WORK REQUIRED: Only the lines below between the one holding "- Staircase featuring" and the one holding "- O jogador", inclusive, are to be reproduced word for word; the pictures are to be left out.

AVAILABLE DATA:
****************

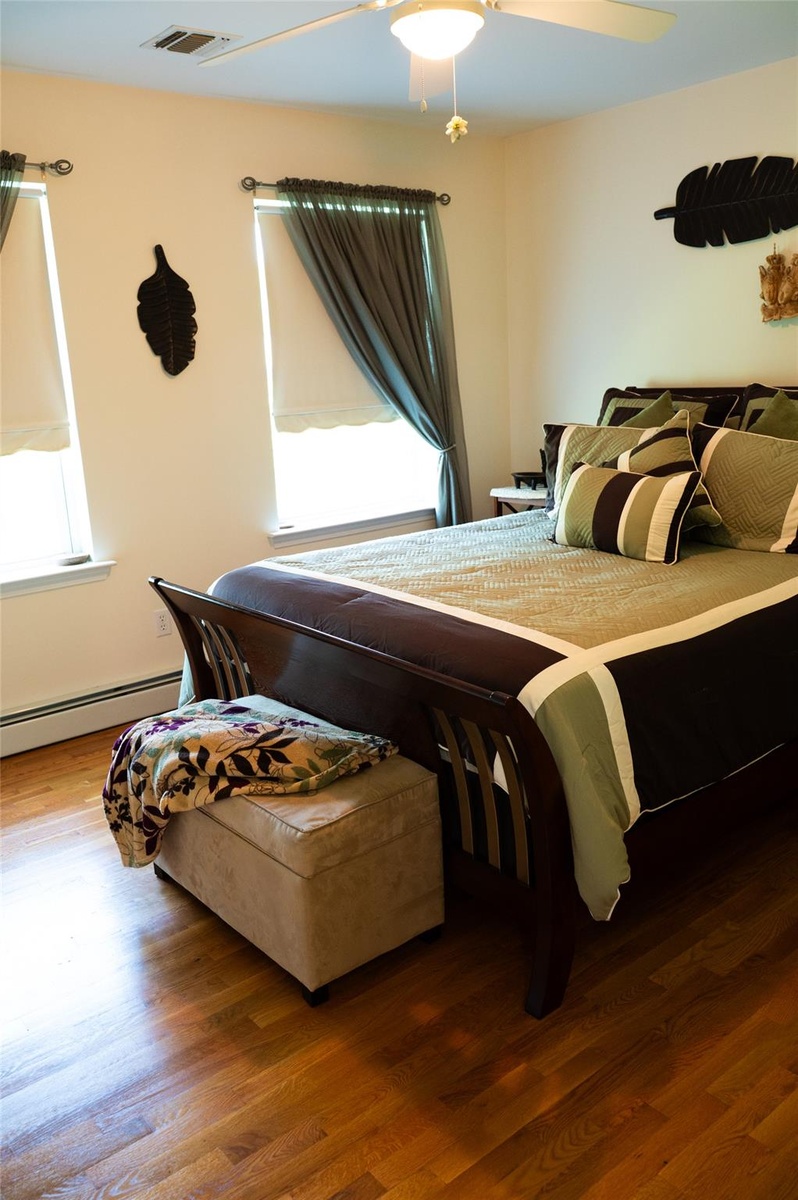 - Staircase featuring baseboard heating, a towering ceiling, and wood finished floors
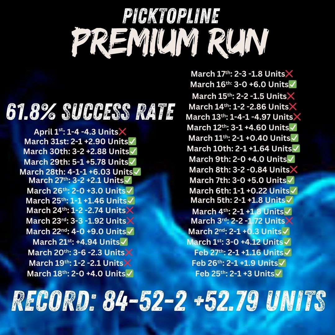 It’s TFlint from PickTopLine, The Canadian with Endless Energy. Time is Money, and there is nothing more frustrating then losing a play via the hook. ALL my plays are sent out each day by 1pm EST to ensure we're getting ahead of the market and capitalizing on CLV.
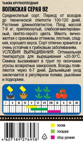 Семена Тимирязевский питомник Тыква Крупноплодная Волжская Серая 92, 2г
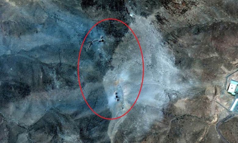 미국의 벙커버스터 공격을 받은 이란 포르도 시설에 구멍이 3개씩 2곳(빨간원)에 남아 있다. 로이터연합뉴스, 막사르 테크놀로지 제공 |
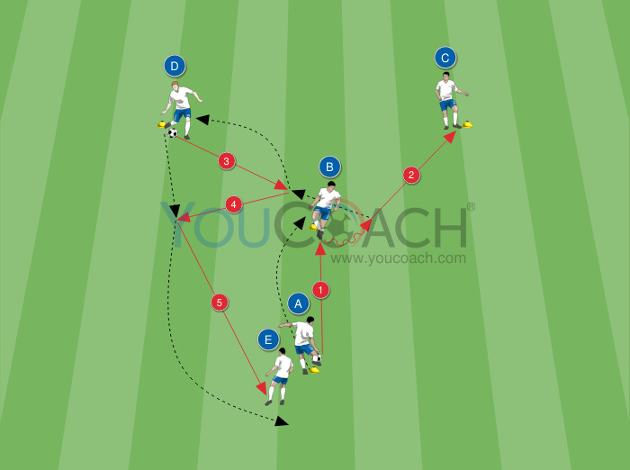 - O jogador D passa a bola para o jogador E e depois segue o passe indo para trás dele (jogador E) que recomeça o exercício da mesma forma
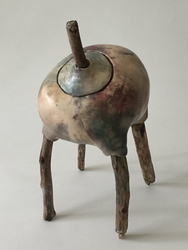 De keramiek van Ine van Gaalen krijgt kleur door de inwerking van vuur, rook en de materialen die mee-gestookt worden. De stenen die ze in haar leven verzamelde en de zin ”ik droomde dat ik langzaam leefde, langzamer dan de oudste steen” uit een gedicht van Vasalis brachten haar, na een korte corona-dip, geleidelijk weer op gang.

****************

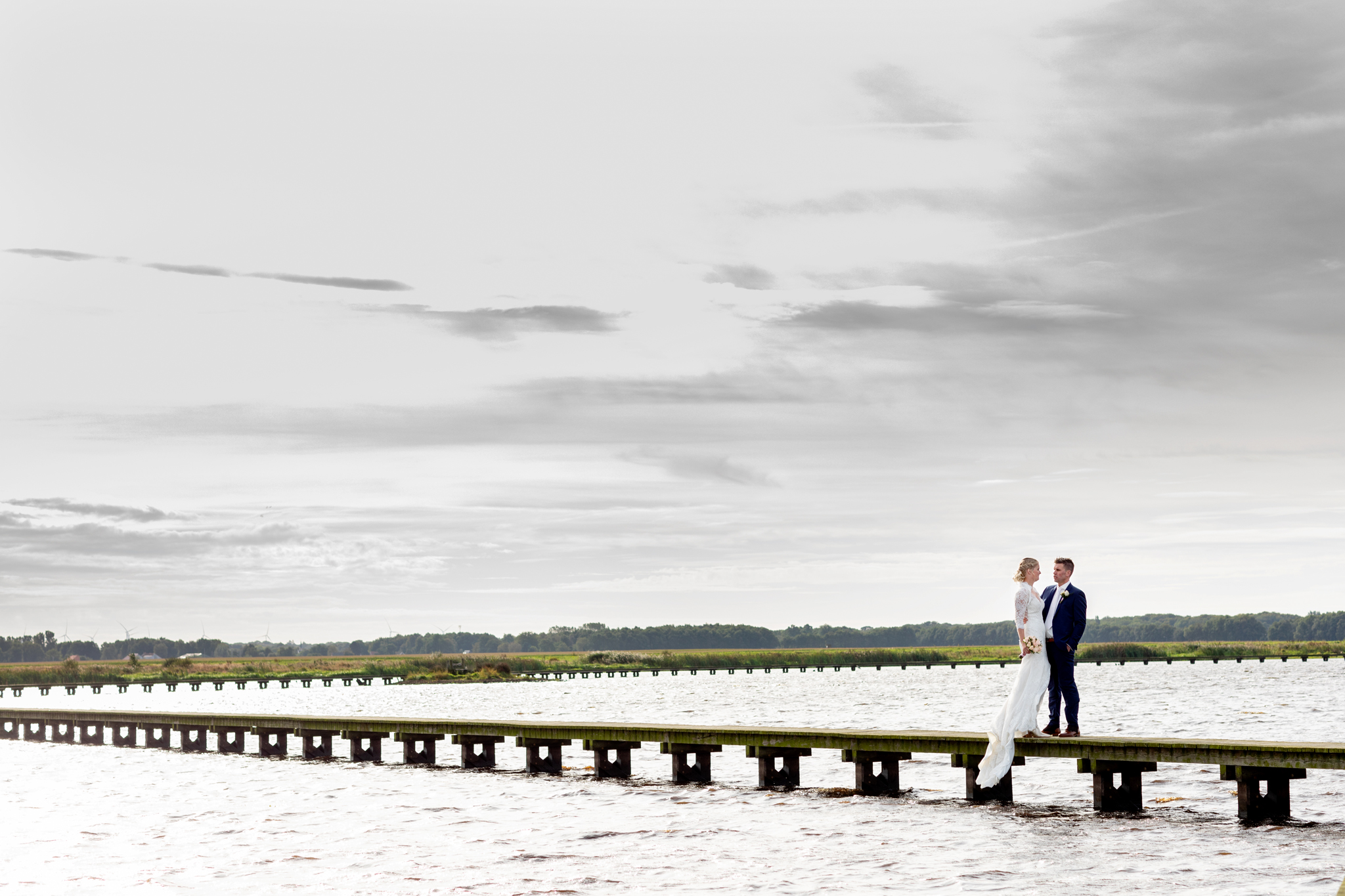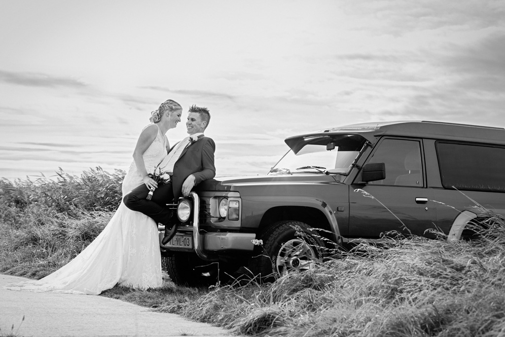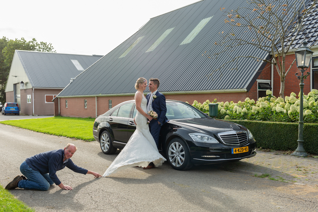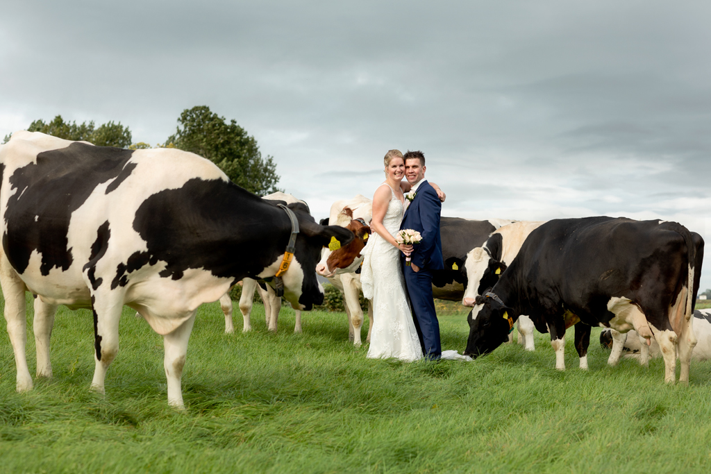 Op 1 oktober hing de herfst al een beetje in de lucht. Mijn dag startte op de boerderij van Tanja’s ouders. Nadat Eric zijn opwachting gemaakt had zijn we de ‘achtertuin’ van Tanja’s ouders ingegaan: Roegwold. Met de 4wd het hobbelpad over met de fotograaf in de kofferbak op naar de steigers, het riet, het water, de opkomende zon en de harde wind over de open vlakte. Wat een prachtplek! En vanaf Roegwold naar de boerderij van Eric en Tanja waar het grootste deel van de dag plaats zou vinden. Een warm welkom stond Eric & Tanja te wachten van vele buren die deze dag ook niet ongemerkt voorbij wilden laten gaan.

****************

OUTPUT OF THE EXERCISE:
 - Staircase featuring baseboard heating, a towering ceiling, and wood finished floors
 It’s TFlint from PickTopLine, The Canadian with Endless Energy. Time is Money, and there is nothing more frustrating then losing a play via the hook. ALL my plays are sent out each day by 1pm EST to ensure we're getting ahead of the market and capitalizing on CLV.
 Семена Тимирязевский питомник Тыква Крупноплодная Волжская Серая 92, 2г
 미국의 벙커버스터 공격을 받은 이란 포르도 시설에 구멍이 3개씩 2곳(빨간원)에 남아 있다. 로이터연합뉴스, 막사르 테크놀로지 제공 |
 - O jogador D passa a bola para o jogador E e depois segue o passe indo para trás dele (jogador E) que recomeça o exercício da mesma forma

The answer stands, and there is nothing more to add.